Dan - it wasnt me who brought up the cost. I know what it will take to buy one. I did not say anything other than what I meant. Which is that I would buy one if (or when) I find one.


----------



## Charles (Jan 2, 2008)

John
But you got one....just needs a bit of retrofit!


----------



## John Allman (Jan 2, 2008)

Charles -Yes. I do. And it is very nice. But I like it enough NOT to reengineer it, so continue to look. One of these days, I will find one. Hope to see you soon, 

John


----------



## zephyra (Jan 2, 2008)

Posted By John Allman on 04/27/2009 2:28 PM
Charles -Yes. I do. And it is very nice. But I like it enough NOT to reengineer it, so continue to look. One of these days, I will find one. Hope to see you soon, 

John

John I understand the Aster AD60 is almost ready to ship - it is known as the Southern Hemispere Big Boy. I've postponed my retirement (again) and have one on order.

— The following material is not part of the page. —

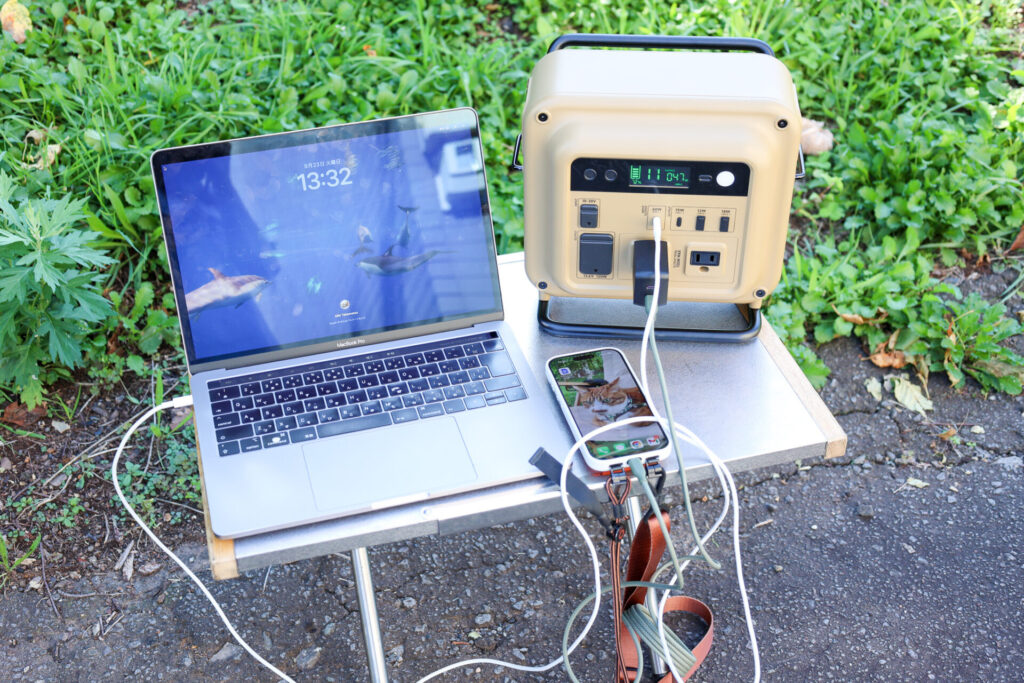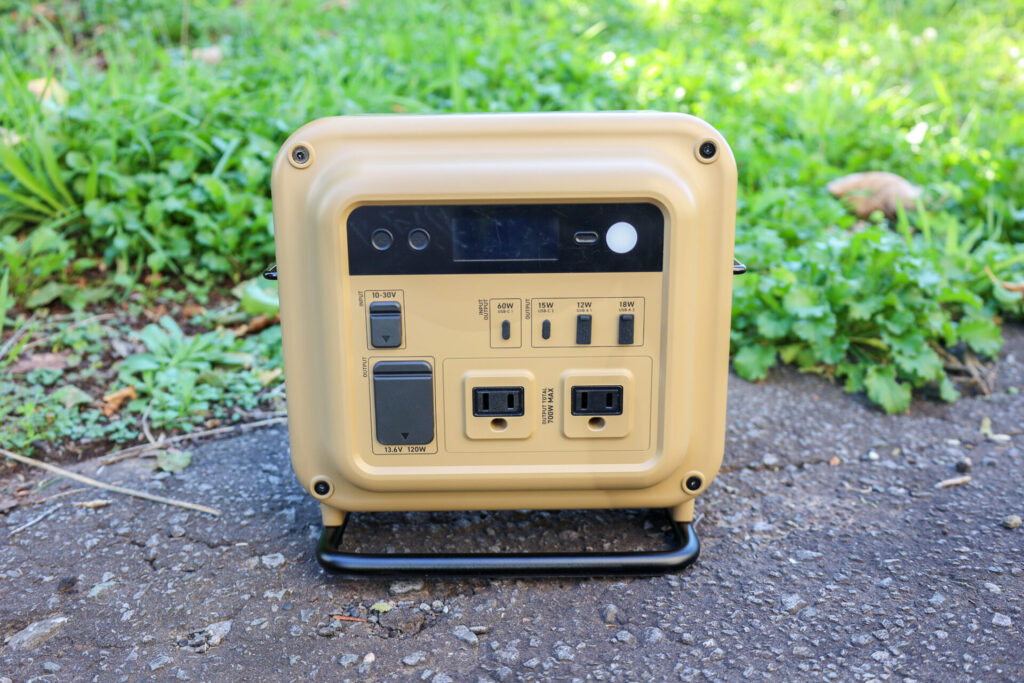 AC出力コンセントは2ポート合計700W(瞬間最大1300W)に対応しており、アウトドアでの料理の幅が広がるのはもちろん、災害時の生活でも非常に心強い存在です。
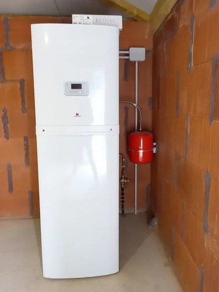 Installation de la pompe à chaleur (double service assurant le chauffage et la production d’eau chaude).

Not sure why/how Aster decided to re-issue the AD60, maybe they could do the same for the Big Boy.........

Robert


----------



## John Allman (Jan 2, 2008)

I had heard they reissued the kits because they had many spare parts and basically only had to kit them to sell. So you can consider the AD60 a SPEV. (spare parts elimination vehicle)


----------



## Steve S. (Jan 2, 2008)

I had heard they reissued the kits because they had many spare parts and basically only had to kit them to sell

That too could be the reason for the second run of BB's. When you consider that most BB's never see the track (are mantle queens), Aster may have realized this and had enough parts to get started on a second run. Who knows, but makes for interesting speculation.


----------